Boxplots, or Box-and-Whisker Plots, are exploratory graphics first created by John W. Tukey and they show the relationships between categorical and numeric variables. They are very useful because they not only provide measures of central tendency (the median which is the line in the middle of the box) but they also offer information about the distribution of the data. To elaborate, fifty percent of data points fall within the box while seventy-five percent of data points fall within the whiskers (the lines which look like extended error bars): the box thus encompasses the interquartile range between the first and third quartile. The whiskers show the minimum and maximum values in the data and only outliers (data points that lie 1.5 times the interquartile range or more above the third quartile or 1.5 times the interquartile range or more below the first quartile. If the whiskers differ in length, then this means that the data is asymmetrically distributed.
# create boxplot
ggplot(pdat, aes(DateRedux, Prepositions, color = GenreRedux)) +
geom_boxplot(fill=clrs,
color="black")
Another interesting feature of boxplots is that they allow us to visually get an idea whether categories differ significantly. Because if add “notch = T” and the notches of the boxplots do not overlap, then this is a very strong indication that the categories actually differ significantly (see below).
# create boxplot
ggplot(pdat, aes(DateRedux, Prepositions, color = GenreRedux)) +
geom_boxplot(outlier.colour="red",
outlier.shape=2,
outlier.size=5,
notch=T,
fill=clrs,
color="black")
library(EnvStats)
# create boxplot
ggplot(pdat, aes(DateRedux, Prepositions, fill = DateRedux, color = DateRedux)) +
geom_boxplot(varwidth = T, color = "black", alpha = .2) +
geom_jitter(alpha = .2, height = 0, width = .2) +
facet_grid(~Region) +
EnvStats::stat_n_text(y.pos = 65) +
theme(legend.position = "none") +
labs(x = "", y = "Frequency (per 1,000 words)") +
ggtitle("Use of prepositions in English texts across time and regions")
library(ggstatsplot)
# create boxplot
ggstatsplot::ggbetweenstats(data = pdat,
x = DateRedux,
y = Prepositions,
plottype = "box",
type = "p",
conf.level = 0.95)
An alternative to boxplots which display the distribution within the data even more accurately are violin plots.
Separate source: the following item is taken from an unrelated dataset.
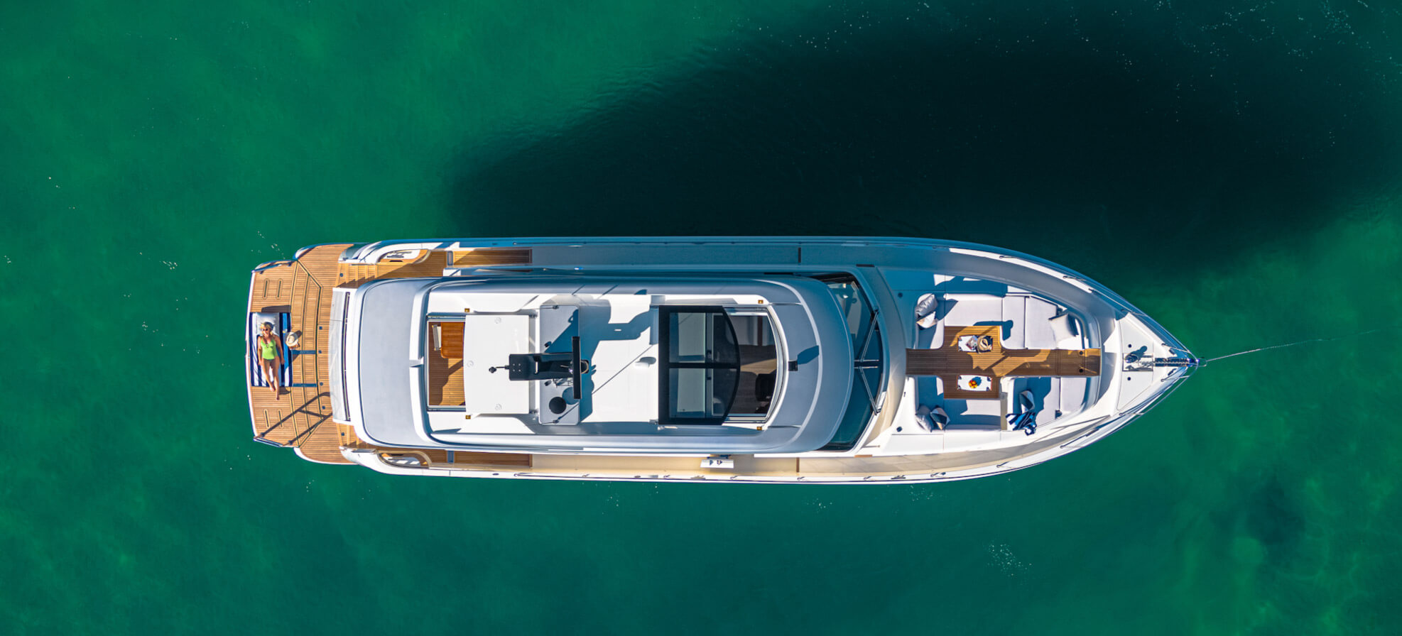 “It is important to think about ‘swing room’ or the diameter of the circle your Riviera could create over time as it moves around the anchor point, pushed by wind, current and tide. You don’t want to find that, although you are anchored safely away from a rocky shore or far enough away from other boats, a change of wind or tide puts you at any risk.
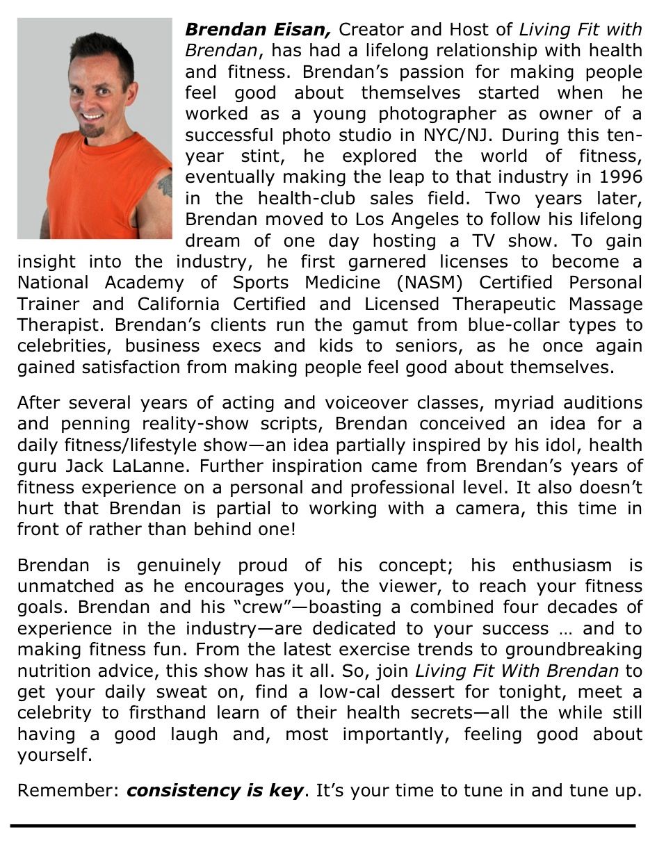 Please go to the Living Fit With Brendan fan page on Face Book and LIKE us there.

ggplot(pdat, aes(DateRedux, Prepositions, fill = DateRedux)) +
geom_violin(trim = FALSE, alpha = .5) +
scale_fill_manual(values = clrs) +
theme_bw() +
theme(legend.position = "none")
Word clouds visualize word frequencies of either single corpus or different corpora. Although word clouds are rarely used in academic publications, they are a common way to display language data and the topics of texts - which may be thought of as their semantic content. To exemplify how to use word clouds, we are going to have a look at rally speeches of Hillary Clinton and Donald Trump that were given during their 2016 campaigns. In a first step, we load and process the data as the relevant packages are already loaded.
# load and process speeches by clinton
clinton <- base::readRDS(url("https://slcladal.github.io/data/Clinton.rda", "rb")) %>% paste0(collapse = " ")
# load and process speeches by trump
trump <- base::readRDS(url("https://slcladal.github.io/data/Trump.rda", "rb")) %>% paste0(collapse = " ")
After loading the data, we need to clean it.
corp_dom <- quanteda::corpus(c(clinton, trump))
attr(corp_dom, "docvars")$Author = c("Clinton", "Trump")
corp_dom <- corp_dom %>%
quanteda::tokens(remove_punct = TRUE) %>%
quanteda::tokens_remove(stopwords("english")) %>%
quanteda::dfm() %>%
quanteda::dfm_group(groups = corp_dom$Author) %>%
quanteda::dfm_trim(min_termfreq = 200, verbose = FALSE)
After processing the data, we can now create word clouds. However, there are different word clouds and here, we will focus on 2 types of word clouds:
Common or simple word clouds simply show the frequency of word types while comparative word clouds show which word types are particularly overrepresented in one sub-corpus compared to another sub-corpus.
Let us first inspect a common word cloud of the corpus.
# create word cloud
corp_dom %>%
quanteda.textplots::textplot_wordcloud(comparison = FALSE)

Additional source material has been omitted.